Prologue: Culture Collage and the Art of Healing
The early ideas for this thesis came to me when I discovered how helpful my creativity and media literacy skills were in the process of healing from cancer. At 27 I was diagnosed in Toronto’s Princess Margaret Hospital with Hodgkin’s Lymphoma, and suddenly felt the world crumble around me. I had come face to face with my mortality and I realized that life was not a promise but a gift. In what felt like a dream I began to reflect on my life, and certain common threads emerged: community, creativity and courage. I thought of the meaningful relationships in my life, the excitement and joy I have found through various creative projects, and the courage that had helped me reach out to loved ones, to follow my inspiration and to stand up for human rights through my work as an educator and activist. Though I had felt scared and powerless, a deep well of courage and a love of life bubbled up inside and gave me strength. I knew that there was more living, creating, and connecting to do, and that I would surrender to the unexpected journey ahead of me.
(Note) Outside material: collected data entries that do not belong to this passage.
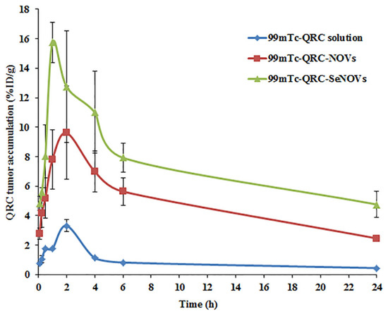 The aim of this work was to investigate the potential of NOVs for systemic delivery of QRC via hybrid platform based on selenium for tuning QRC pharmacokinetics and tumor targeting. Adopting Box–Behnken design, the influences of NOVs formulation variables on drug entrapment, vesicle size, as well as the in vitro release were scrutinized. Then, QRC-SeNOVs were assembled through electrostatic complexation/in situ reduction method based on the optimum NOVs formulation, and both of them were tested against human rhabdomyosarcoma (RD) cells versus crude QRC. Furthermore, QRC was radiolabeled utilizing technetium-99m (99mTc) to assess its pharmacokinetics and biodistribution after intravenous (i.v.) administration of the tailored 99mTc-QRC-SeNOVs to Ehrlich tumor-bearing mice and compared to i.v. 99mTc-QRC-NOVs and i.v. 99mTc-QRC solution.
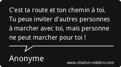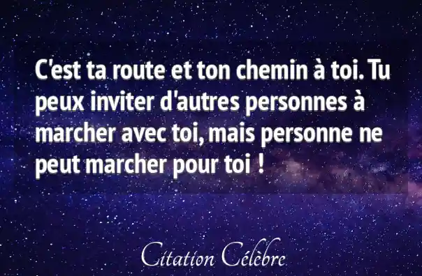C'est ta route et ton chemin à toi. Tu peux inviter d'autres personnes à marcher avec toi, mais personne ne peut marcher pour toi !
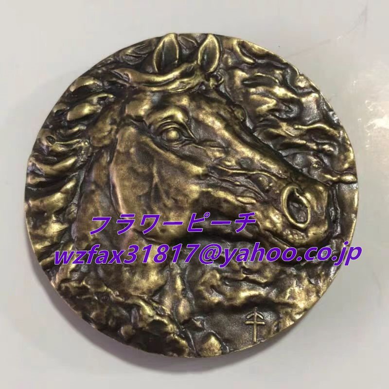 > 真鍮十二支記念銅章 浮き彫り 陽刻紋絵 十二支 馬 法器ペンダント裝身具 護符開運風水 お守り 厄除け 装飾 賞物 収蔵
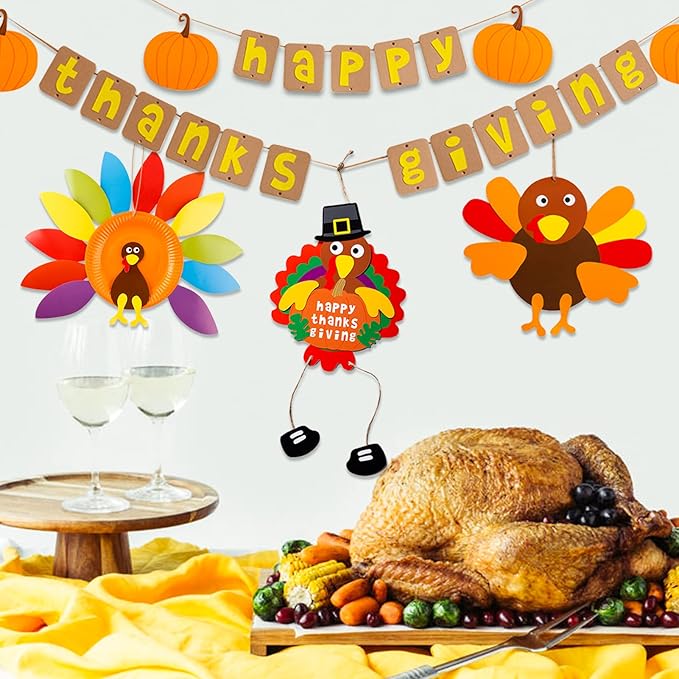 YOMIQIU Thanksgiving Turkey Crafts Kits, DIY Festive Fall Thanksgiving Party Hanging Sign Decor(6 Sets), Thanksgiving Crafts for Kids and Adults at Home Party Decoration School Activities
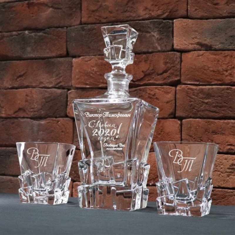 Если вы ищете подарок человеку, у которого все есть, которого сложно удивить, кто любит качественные и необычные вещи – то этот набор мы создали специально для вас. Набор штоф и два бокала для виски в подарочной коробке из натурального дерева станет отличным выбором подарка руководителю, главе семейства, врачу, другу на Юбилей. Штоф и бокалы выполнены из хрусталевидного богемского стекла, известного своим качеством, прочностью и особой прозрачностью. Необычный дизайн, имитирующий кубики льда, оригинальная форма выгодно выделяют подарок среди прочих и подойдут одариваемому любого возраста. Гравировку возможно сделать на каждом предмете набора. На штофе это может быть дизайн, цитата, логотип. На бокалах – инициалы монограммой. На коробке поздравление, также лого или дизайн. Наш мастер подберет шрифт, утвердит с вами макет. Нанесение мы делаем на лазерном оборудовании. На стекле такая гравировка получается светло-белым цветом и становится контрастной и яркой при наполнении сосуда. На дереве нанесение темное и яркое. В стоимость входит гравировка на трех предметах. Гравировка на коробке оплачивается дополнительно и стоит 350 рублей.
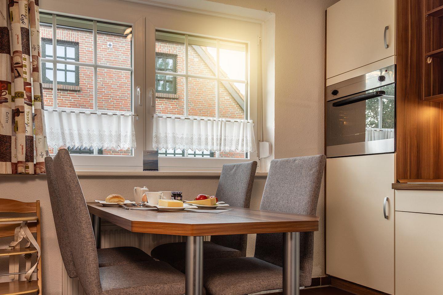 Komplett ausgestattete, separate Einbauküche mit Essplatz
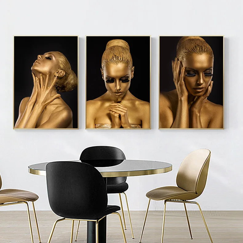 Роскошный золотой макияж, Женская Картина на холсте, настенные худо...
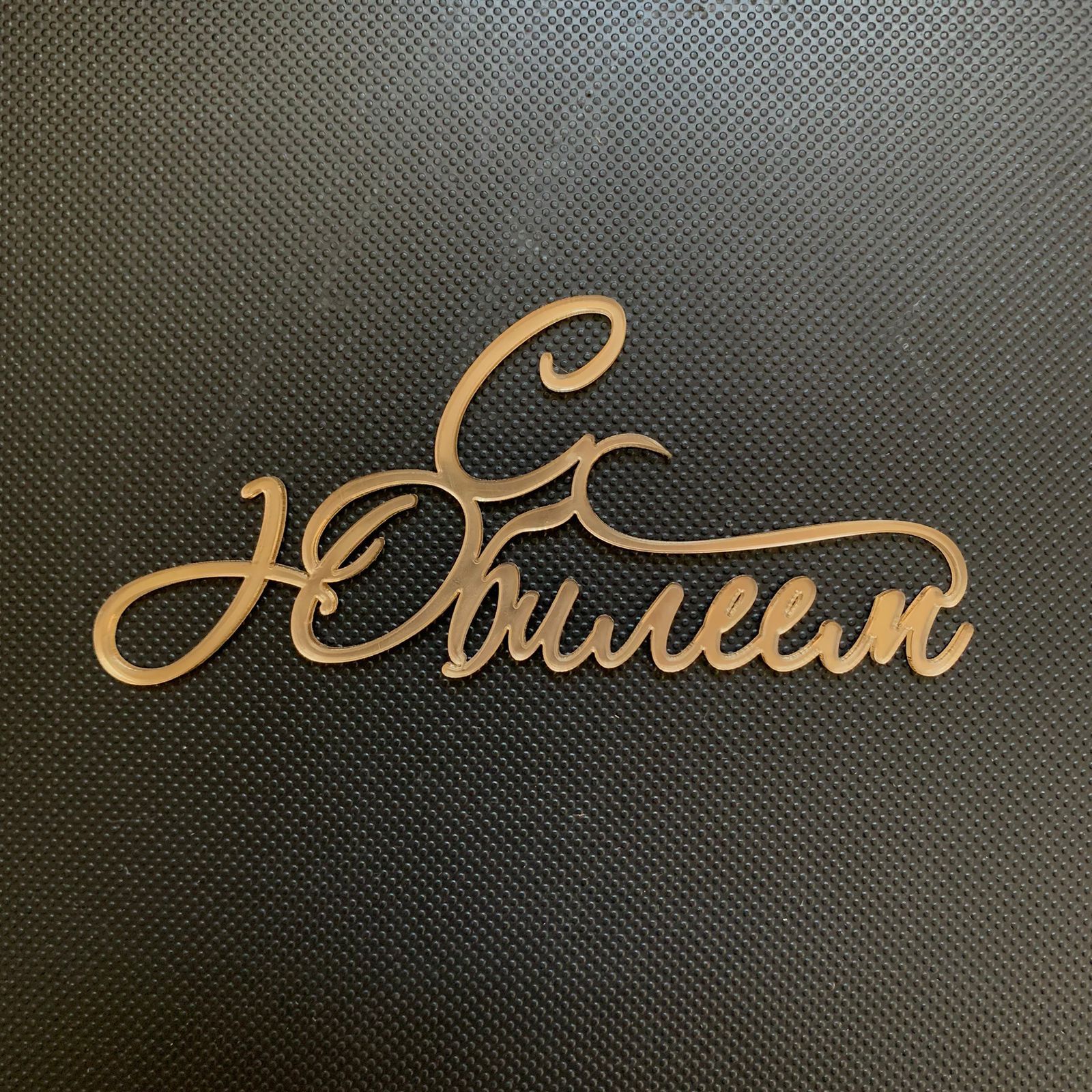 Бенто-топпер / С Юбилеем М5 / акрил зеркальный золото, 8*4см
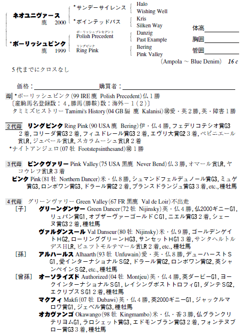 父:ネオユニヴァース 母:ポーリッシュピンク(母父:Polish Precedent)
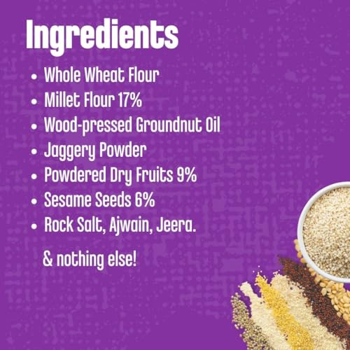 Organic Whole Wheat Flour Organic Millet Flour 17% (Kodo Millet/Kodra/Varagu Foxtail Millet/Kangni/Navane Ragi/Naachni/Finger Millet Pearl Millet/Bajra/Sajje Organic Little Millet/Saame/Kutki) Groundnut Oil Organic Jaggery Powder 13% Powdered Dry Fruits 9
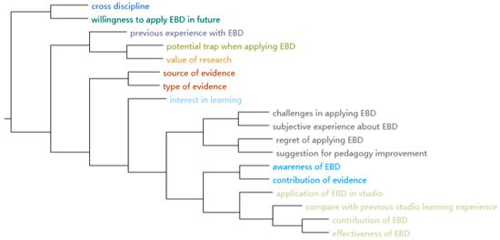 A total number of 18 nodes were coded based on EBD-related content in students’ module reflections. The nodes were clustered according to word similarity using Jaccard’s coefficient in NVivo, as shown in Figure 5. However, it is important to double-check the meanings of references under each node as the clustering was solely based on word similarity. As a result, a revised three-level node cluster emerged, which is presented in Table 3.
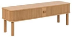 Szafka RTV drewniana Langley 140 cm nowoczesna z lamelami na wysokich nogach do salonu
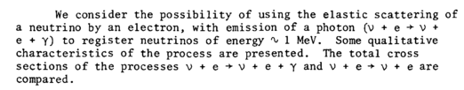 We consider the possibility of using the elastic scattering of a neutrino by an electron, with emission of a photon (v + e ν + e + γ) to register neutrinos of energy ъ 1 MeV. Some qualitative characteristics of the process are presented. The total cross sections of the processes v + e+ v + e+ γ and ν + e -*· ν + e are compared.
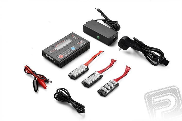 Rychlonabíječ s balancerem 1-16čl. NiCd/NiMH, 1-6čl. Li-po/Li-ion/Li-Fe, 2-24V Pb proudem 0,1-6A. Vybíjení max. 2A. Vstup tepl. čidlo, vypínání dle teploty, kapacity, času. Napájení 12 V+ síťový zdroj. Režim zdroje napětí s proud. pojistkou
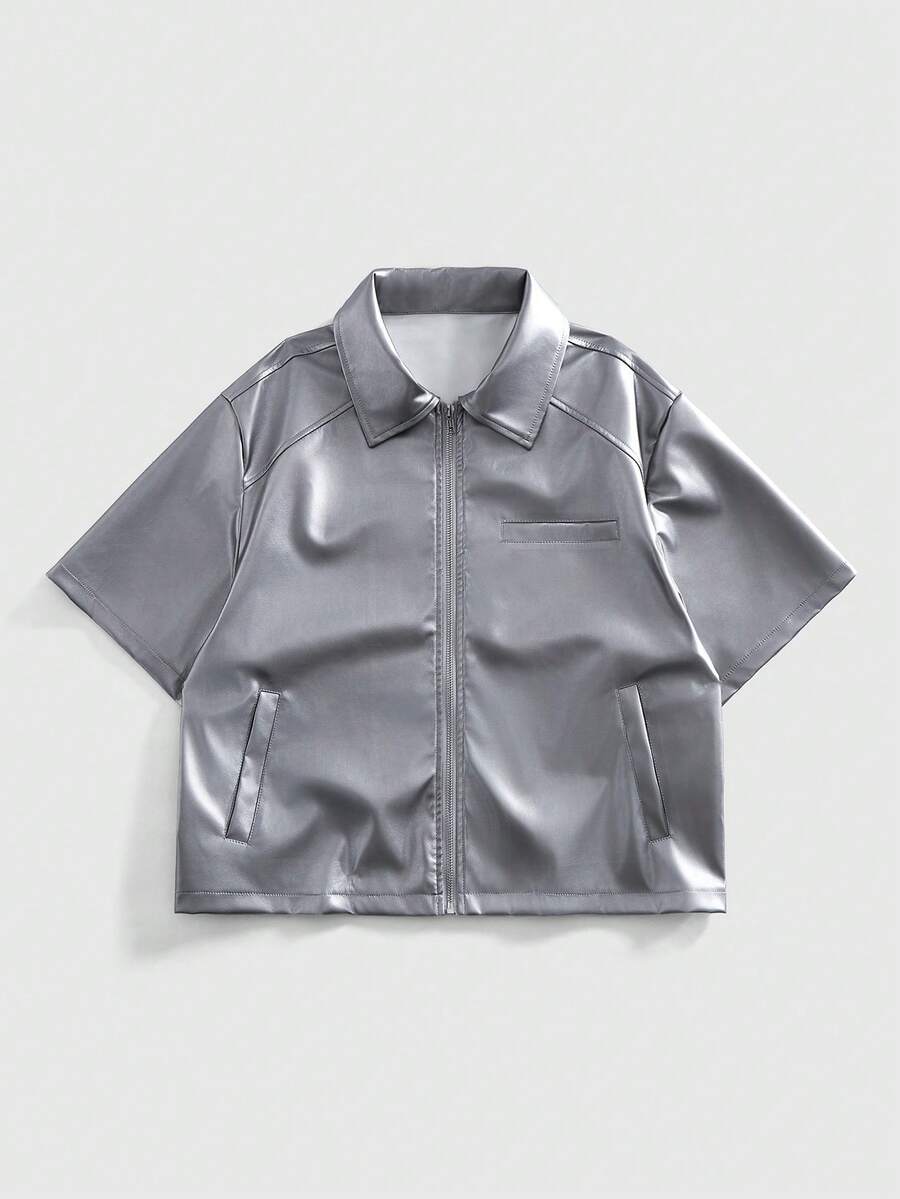 Street Life Men's PU Shiny Silver Zipper Pocket Casual Short Sleeve Shirt

That first night after the diagnoses I found myself humming a song, a slow and steady spiritual about hope, encouraging myself to carry on. There was no music in the hospital and I needed a soundtrack for the unexpected hero’s quest I had begun. I called my home number and sang the song into my answering machine. Later that night when I was feeling scared I called my machine and listened to myself singing about hope. Afterwards, I snuck into the medical supply room and gathered tape and scissors and began to make collages out of the magazines from the waiting room. There was an element of defiance to my creativity. I was going to surrender to the journey, yes, but I was going to do it my way. I was more than a medical reference number, statistic or diagnosis. I wanted to play an active part in creating the narrative of my healing. Just because there were parts of the story I had no control over didn’t mean that I couldn’t improvise and adapt.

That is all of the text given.